In fact, none of the Lannister siblings come off particularly well in this episode. The writing has been doing Tyrion a disservice for a long time. He’s remained quick-witted, but his cleverness hasn’t served him well very as Daenerys’s adviser: his rule of Meereen in Dany’s absence was disaster, as was his plan of attack once they arrived in Westeros, and he was thoroughly duped by Cersei at the summit concluding season seven. It’s little wonder Dany is loathe to listen to his pleas not to slaughter the people of King’s Landing, since so little of his council has been useful in the past. When Tyrion reveals Varys’s betrayal, Dany rightly tells Tyrion that Sansa played him for a fool, hoping Tyrion would begin to doubt Dany, and spread the truth of Jon’s claim, which is precisely what Tyrion did. Tyrion never should have told Varys, and wouldn’t have, if he truly believed in Daenerys.

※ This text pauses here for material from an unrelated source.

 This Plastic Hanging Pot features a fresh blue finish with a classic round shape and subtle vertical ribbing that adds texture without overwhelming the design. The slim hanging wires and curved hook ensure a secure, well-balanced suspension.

Certainly Daenerys’s razing of King’s Landing will give him even further cause for doubt, and he won’t be alone. After all, we see hints of doubt in the sidelong glances Jon gives Dany when she murders Varys. Murdering to protect the realm is one thing, but murdering to protect a lie about your right to power is something else. The horror of her rampage only seems to bolster those doubts. Along with Arya, who didn’t trust her to begin with, all three seemed poised to turn on her in the finale. It would be fitting for Game of Thrones to end with complex characters once again on opposite sides of a conflict. I just wish that the writers had arrived at such a scenario without subjecting Daenerys to such wild contortions. Hopefully the ends will justify the means, and the fates of the remaining characters will be more satisfying than those of Cersei and Jaime, but after an uneven final season (to say the least), my own mounting doubts are increasingly harder to ignore.

Other thoughts:

- For all of Varys’s foresight and spycraft, he seems a bit foolish to so swiftly and obviously switch his allegiances, and especially so for testing the waters with Jon in full view of Tyrion. I suppose he trusted his friendship with Tyrion to safeguard him from betrayal, but he more or less broadcast his intention to spread Jon’s claim in “The Last of the Starks.” Seeing Varys approach Jon at the start of this episode simply confirmed Tyrion’s need to inform Dany.

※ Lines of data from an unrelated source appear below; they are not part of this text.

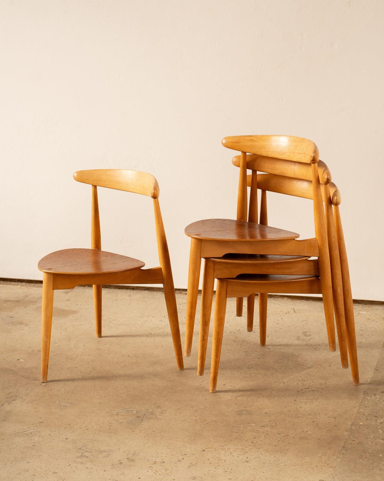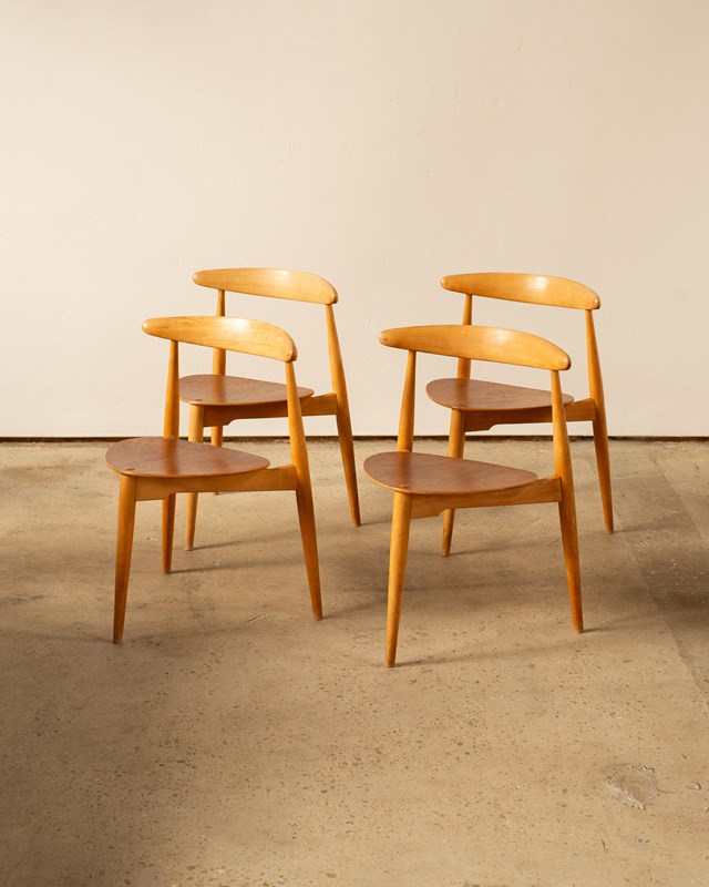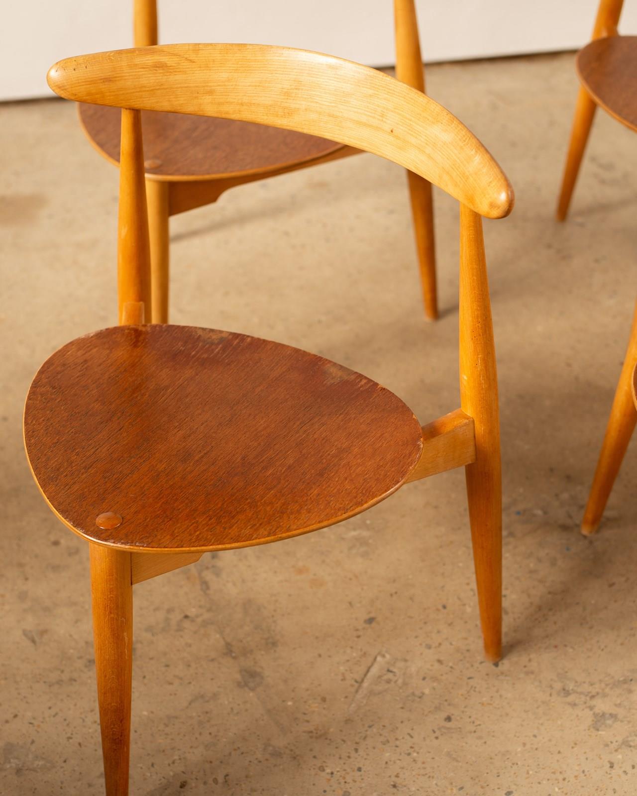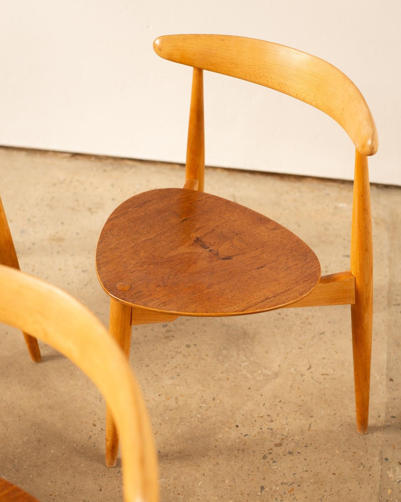 A set of 4 Hans Wegner Heart Chairs, model FH4103.  These were designed in 1952,  and constructed with a beech frame and teak plywood seat.   This combination of materials was unusual for Wegner, but desired by the manufacturer Fritz Hansen who were responsible for producing these chairs.   Completely original and in good vintage condition, with some wear to the  edges of the seats.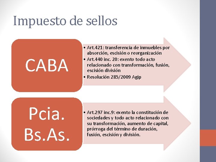 Impuesto de sellos CABA Pcia. Bs. As. • Art. 421: transferencia de inmuebles por absorción, escisión o reorganización • Art. 440 inc. 20: exento todo acto relacionado con transformación, fusión, escisión división • Resolución 285/2009 Agip • Art. 297 inc. 9: exento la constitución de sociedades y todo acto relacionado con su transformación, aumento de capital, prórroga del término de duración, fusión, escisión y división.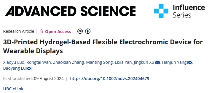 Xiaoyu Luo#, Rongtai Wan#, Zhaoxian Zhang#, Manting Song, Lixia Yan, Jingkun Xu*, Hanjun Yang* and Baoyang Lu*, 3D-Printed Hydrogel-Based Flexible Electrochromic Device for Wearable Displays. Advanced Science, 2024, 2404679.
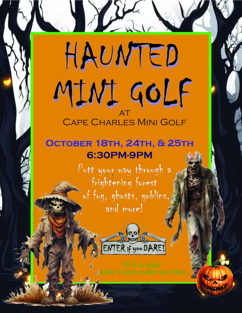 Cape Charles Mini Golf 2100 Stone Rd., Cape Charles, VA, United StatesCome putt your way through a frightening forest of fog, ghosts, goblins, and more!
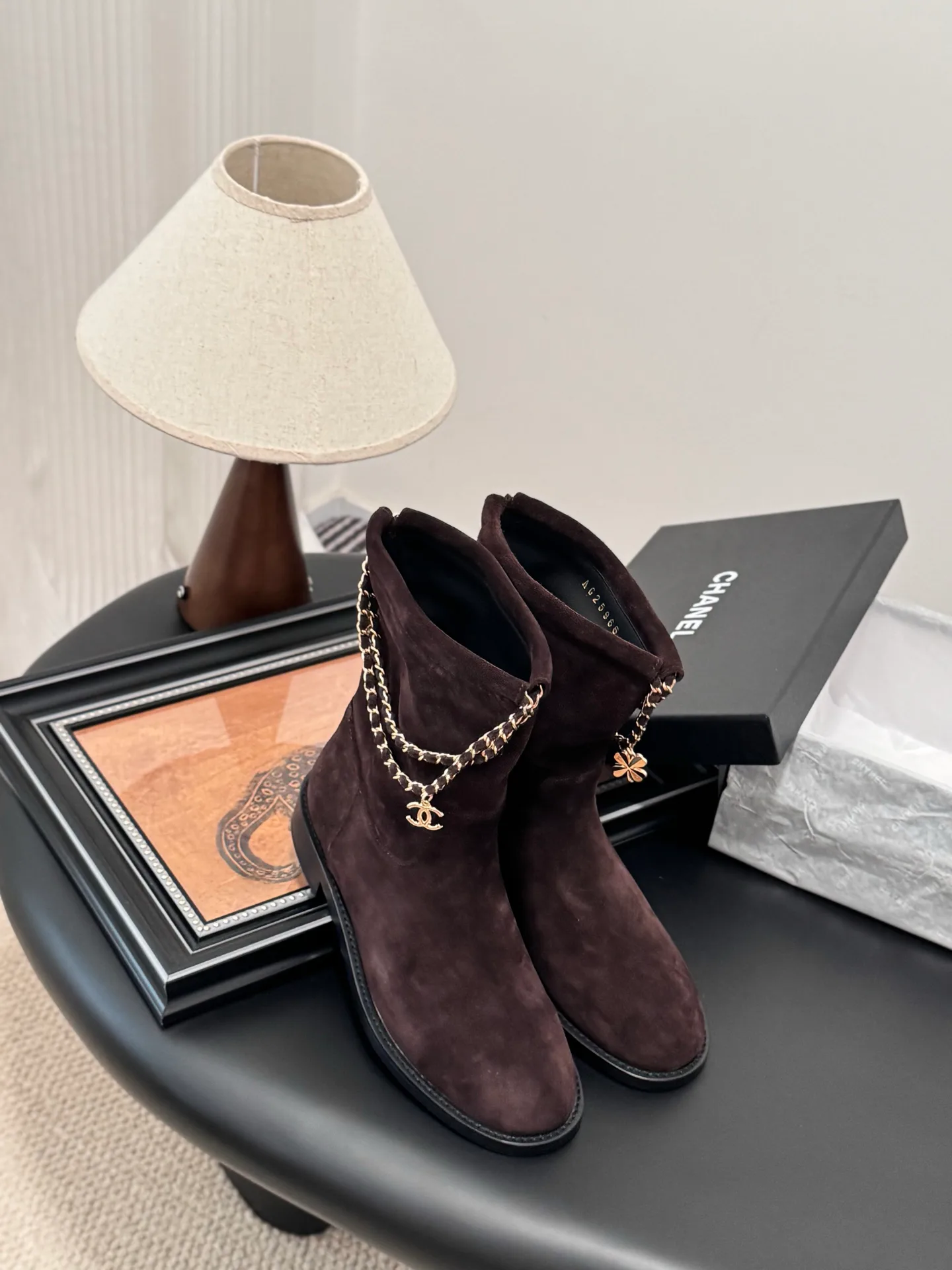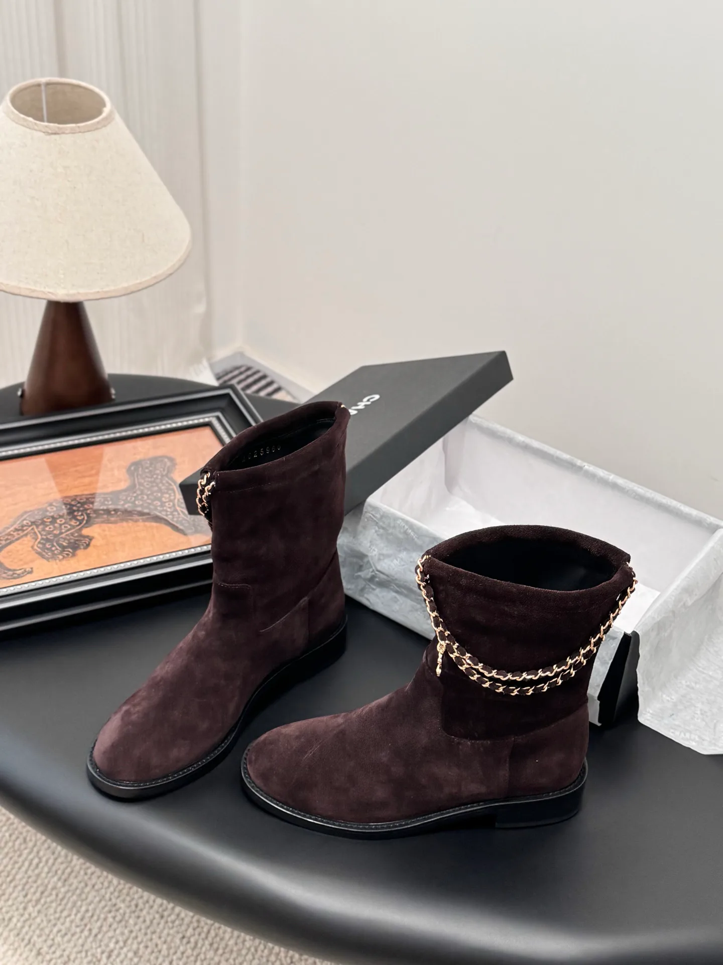 Дизайн и посадка: маленький круглый носок и плавная дуга силуэта. Никакой заостренности или резкой геометрии — образ мягкий и гармоничный. Внешний вид дополнен цепочной деталью, которая становится изюминкой образа. Силуэт утончённо женственный, смотрится ровно и стильно в сочетании с пальто, твидовыми костюмами и платьями.

- Dany asks Jon: “Is that all I am to you? Your Queen?” Me, yelling at my television: “You’re also his aunt.”

- Dany’s razing of King’s Landing also parallels some of Westeros’s ancient history. When Aegon the Conqueror (the original Targaryen ruler) first arrived in Westeros, his first move was to use his dragons to blast Harrenhal to ruins. History repeats itself.


- Some nice stylistic touches in that moment where Dany hears the bells and struggles with whether or not to continue her attack. First, we get a shot/reverse-shot sequence implying that Cersei and Daenerys are starting each other down across the vast distance between them. Second, shots of Jon and Tyrion waiting to see what Dany will do each hints at where their sympathies lie: they each face screen right, seeming to align them in opposition to Dany, who is facing screen left.

- Arya's makeup is excellent when she's scrambling to stay alive amidst the slaughter. By covering her in powdery gray debris from the rubble, the makeup deliberately invokes 9/11 imagery, thus increasing the entire sequence's effectiveness by subtly linking its horror to real-life horrors. Another nice touch: through the haze of the battle, she even resembles Ned at some points.

- For as horrific as this episode is, it still manages to sneak in some humor by returning to that old, reliable wellspring of Tyrion trying to speak Valyrian.

- The scene where Dany warns Tyrion not to fail her again has some nice use of Dany’s musical motif: it’s subtle but full of menace, much like Dany.